Choose your tactics based on where your customer is in your funnel.
- Top. An effective marketing plan targets prospects at all stages of your sales funnel. Some tactics, like digital and traditional advertising, public relations, and direct marketing, are great for reaching cold prospects.
- Middle. These are warm prospects — people you’ve already reached with your marketing message online, in-store or in-person — will respond well to permission-based email, loyalty programs, and customer appreciation events.
- Bottom. This is where your hottest prospects are. There are people who’ve been exposed to your sales and marketing messages and are ready to buy. And don’t forget, if your product isn’t a one-time purchase like a swimming pool, they are also customers who have just recently bought something from you. In general, a sales contact (whether in person, by phone, or email) often combined with an offer adds the final push necessary to close the sale.
7. Set your marketing budget
Now for the moment of truth. Setting the dollar amount you’re going to devote to growing your business through marketing. Generally, that means allocating a certain percentage of projected gross sales to your annual marketing budget.
Naturally, if you’re just starting a business, this may mean using newly acquired funding from investors, borrowing money, or self-financing. However you pay for it, marketing is absolutely essential to the success of your business. Fortunately, because there are so many different kinds of tactics available — from free social media to paid digital ads, there’s a mix to fit even the tightest budget.
In order to create an actional marketing budget — one that really works — is to break down your marketing efforts by quarter, by month, or even by weekly.

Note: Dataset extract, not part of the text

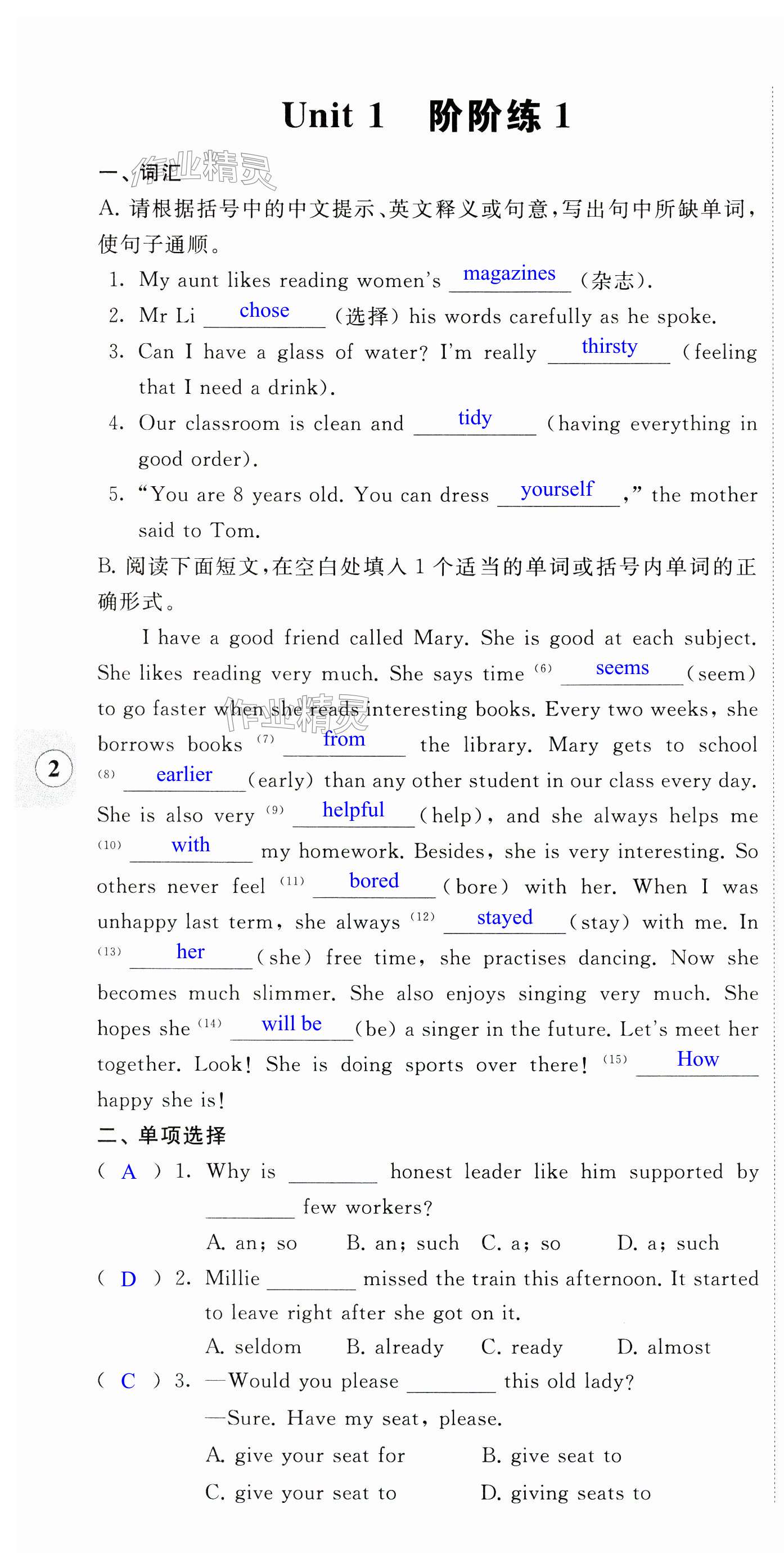 注:目前有些书本章节名称可能整理的还不是很完善,但都是按照顺序排列的,请同学们按照顺序仔细查找。练习册 2024年自我提升与评价八年级英语上册译林版 答案主要是用来给同学们做完题方便对答案用的,请勿直接抄袭。

You may need to front-load your budget to cover big annual expenses like yearly subscriptions or license renewals.
Let’s do the numbers
Depending on your plan, you may need to break down your marketing budget into various digital marketing, content marketing, channel marketing, website, event, and other sub-budgets within your overall budget.

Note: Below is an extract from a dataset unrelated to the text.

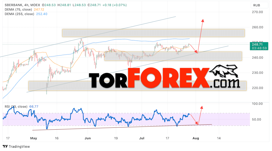 Дополнительным сигналом в пользу роста котировок SBER выступит тест линии поддержки на индикаторе относительной силы (RSI). Вторым сигналом выступит отбой от нижней границы бычьего канала. Отменой варианта роста стоимости акций Сбербанк станет падение стоимости бумаг и пробой уровня 240. Это укажет на пробой нижней границы бычьего канала и продолжение падения акций в область ниже уровня 225. Ожидать подтверждения росту котировок SBER стоит с пробоем области сопротивления и закрытием выше уровня 255.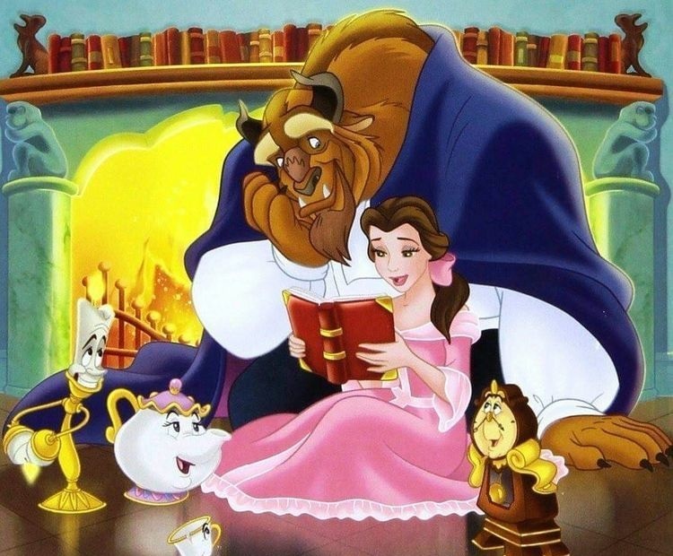 Belle và Quái vật trong Người đẹp và Quái vật: Belle trong Người đẹp và Quái vật tìm thấy niềm an ủi và phiêu lưu trong sách. Niềm đam mê văn học của Belle giúp cô nhìn xa hơn vẻ bề ngoài, tìm thấy vẻ đẹp bên trong và thách thức những quy ước dành cho phụ nữ cùng thời. Ngay cả nhân vật Quái vật cũng thể hiện khía cạnh trí thức của mình với thư viện sách đồ sộ. Bước ngoặt dẫn đến chuyển biến tâm lý quan trọng giữa hai nhân vật chính là lúc gã Quái vật đưa Belle tới thăm thư viện nguy nga với hàng nghìn cuốn sách của mình. Ảnh: Disney.

To get you started, here is a selection of 12 free marketing budget spreadsheets that will give you an easy roadmap for organizing your expenses
If after you’ve put together a plan you find out that deploying all your preferred tactics puts you over budget go back and tweak it. The most important thing is to never stop marketing. If you can’t afford the more expensive tactics now wait until your less expensive tactics start paying off — and then step on the gas later.